The couple joined a team of 14 volunteers who spent two weeks at Foundation Campamento Cristiano Esperanza, known in English as Camp Hope. They spent time tending to the daycare children, painting the old daycare center, building a wheelchair ramp for a new group home, and helping the daycare staff to learn English.

Mark, a psychologist, used his professional skills to consult with Ecuadorian social workers on the issue of children's physical and sexual abuse, how to recognize it, and how to intervene in situations where it occurs.It wasn't moonlight and roses, but it was a once-in-a-lifetime experience.

Working shoulder to shoulder with Ecuadorians, newlyweds gain a unique, non-tourist perspective on the South American country's people and culture.

"I formed a very sweet bond with many of the young teachers at the daycare center. I also fell in love with the children," said Sandra. "When it was time to say goodbye at the daycare, I couldn't stop crying. At that moment, I realized just how deeply touched I was by these children."

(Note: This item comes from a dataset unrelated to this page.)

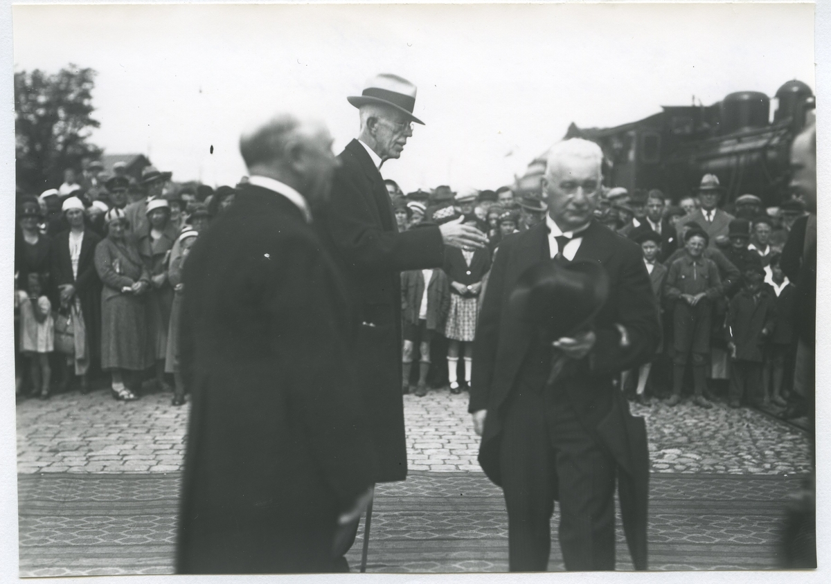Gustav V vid Ölandskajen (Ölandshamnen). Från vänster konsul John Jeansson, Gustav V och landshövding John Falk.

Mark was also moved by the experience, writing in the team journal: "In the bright eyes and unconditional smiles of the children at the daycare, we see why we have traveled thousands of miles, sanded down walls, shoveled mounds of dirt, inhaled paint fumes, pounded stones into pebbles, and awakened at dawn to do it all again.

"It is for these shrines of the human spirit, which we have known all along is what brings us [volunteers] from all corners of the United States. We are buoyed by these running, chattering, hugging reminders. The team at the new daycare site reported that the dirt was not too heavy despite much weekend rain. It will be even lighter if they can see all the great kids their work will benefit."

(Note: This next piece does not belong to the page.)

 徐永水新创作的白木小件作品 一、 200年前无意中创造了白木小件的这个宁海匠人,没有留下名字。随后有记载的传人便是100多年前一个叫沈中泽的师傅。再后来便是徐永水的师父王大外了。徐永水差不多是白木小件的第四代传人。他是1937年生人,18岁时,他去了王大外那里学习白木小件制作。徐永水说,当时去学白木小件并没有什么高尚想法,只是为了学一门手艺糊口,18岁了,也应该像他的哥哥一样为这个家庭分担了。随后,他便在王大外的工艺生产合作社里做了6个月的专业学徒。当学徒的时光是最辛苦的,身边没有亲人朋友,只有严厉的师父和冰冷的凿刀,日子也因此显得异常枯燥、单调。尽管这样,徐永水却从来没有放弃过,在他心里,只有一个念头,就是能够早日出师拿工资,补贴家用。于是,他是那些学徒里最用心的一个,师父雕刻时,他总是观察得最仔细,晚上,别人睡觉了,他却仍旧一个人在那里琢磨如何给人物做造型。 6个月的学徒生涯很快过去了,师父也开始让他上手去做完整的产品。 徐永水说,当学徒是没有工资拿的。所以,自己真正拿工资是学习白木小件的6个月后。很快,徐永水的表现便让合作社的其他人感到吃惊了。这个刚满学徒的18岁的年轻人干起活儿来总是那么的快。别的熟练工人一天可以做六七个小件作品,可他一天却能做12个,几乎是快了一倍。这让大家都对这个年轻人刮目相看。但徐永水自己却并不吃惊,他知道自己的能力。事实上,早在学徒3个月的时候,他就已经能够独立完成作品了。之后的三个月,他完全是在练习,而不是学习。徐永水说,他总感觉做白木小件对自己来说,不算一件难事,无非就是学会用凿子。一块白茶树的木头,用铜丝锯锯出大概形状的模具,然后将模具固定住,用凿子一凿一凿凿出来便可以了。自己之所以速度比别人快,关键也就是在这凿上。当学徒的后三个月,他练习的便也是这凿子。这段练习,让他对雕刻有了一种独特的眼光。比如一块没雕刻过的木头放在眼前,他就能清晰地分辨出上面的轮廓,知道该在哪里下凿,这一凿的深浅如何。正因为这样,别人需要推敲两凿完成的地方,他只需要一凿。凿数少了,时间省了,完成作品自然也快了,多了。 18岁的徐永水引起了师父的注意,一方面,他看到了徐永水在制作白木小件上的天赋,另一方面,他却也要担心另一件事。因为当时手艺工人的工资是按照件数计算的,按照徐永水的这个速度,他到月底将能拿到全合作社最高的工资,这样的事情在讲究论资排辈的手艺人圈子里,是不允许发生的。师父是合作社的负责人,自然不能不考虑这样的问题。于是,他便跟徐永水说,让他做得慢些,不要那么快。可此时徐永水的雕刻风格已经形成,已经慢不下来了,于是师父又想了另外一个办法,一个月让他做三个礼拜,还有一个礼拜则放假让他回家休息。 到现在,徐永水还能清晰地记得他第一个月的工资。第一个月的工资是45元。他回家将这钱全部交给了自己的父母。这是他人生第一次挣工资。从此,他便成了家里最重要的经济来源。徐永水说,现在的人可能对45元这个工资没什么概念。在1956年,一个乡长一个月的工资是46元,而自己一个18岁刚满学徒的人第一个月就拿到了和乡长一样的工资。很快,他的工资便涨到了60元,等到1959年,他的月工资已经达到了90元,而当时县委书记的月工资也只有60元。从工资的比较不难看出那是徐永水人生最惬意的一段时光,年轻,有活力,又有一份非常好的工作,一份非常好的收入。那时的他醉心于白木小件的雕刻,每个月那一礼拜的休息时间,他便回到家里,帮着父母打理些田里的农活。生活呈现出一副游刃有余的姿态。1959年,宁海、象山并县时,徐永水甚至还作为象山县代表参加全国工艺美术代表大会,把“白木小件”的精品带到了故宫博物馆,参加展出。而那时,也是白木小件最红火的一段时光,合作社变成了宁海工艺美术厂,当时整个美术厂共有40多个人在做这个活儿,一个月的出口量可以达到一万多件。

Mark and Sandra aren't the first couple to begin married life in service. In fact, the idea for Global Volunteers was "conceived" during a honeymoon. Co-founders Burnham Philbrook, a former Minnesota senator, and Michele Gran spent their honeymoon volunteering in Guatemala.

When they returned, Philbrook and Gran's trip was written up in a local Minneapolis newspaper. So many people asked them how they, too, could serve abroad for short-term stints that Philbrook and Gran decided to start Global Volunteers.

The first team to Jamaica arrived in 1984, and teams still serve in the same community today. Besides providing ongoing health care such as dental exams and blood-pressure screening, volunteers there have helped construct a holding tank for the community's water supply; built classroom furniture, playground equipment, and footbridges to cross local rivers; improved community buildings; and helped with the coffee harvest.

During most service programs, volunteers have weekends and evenings free and serve during the day on projects that range from building classrooms in Ghana to teaching business courses in Ukraine to teaching English in China. No experience is necessary.

Volunteers pay a U.S. tax-deductible fee that covers food, lodging, transportation at the site, the services of an experienced team leader, and project materials. Transportation to and from sites is not included in the service program fee, but airfare is tax-deductible. All free-time expenses and plans are the volunteer's responsibility.

Nancy Groves is Communications Coordinator for Global Volunteers.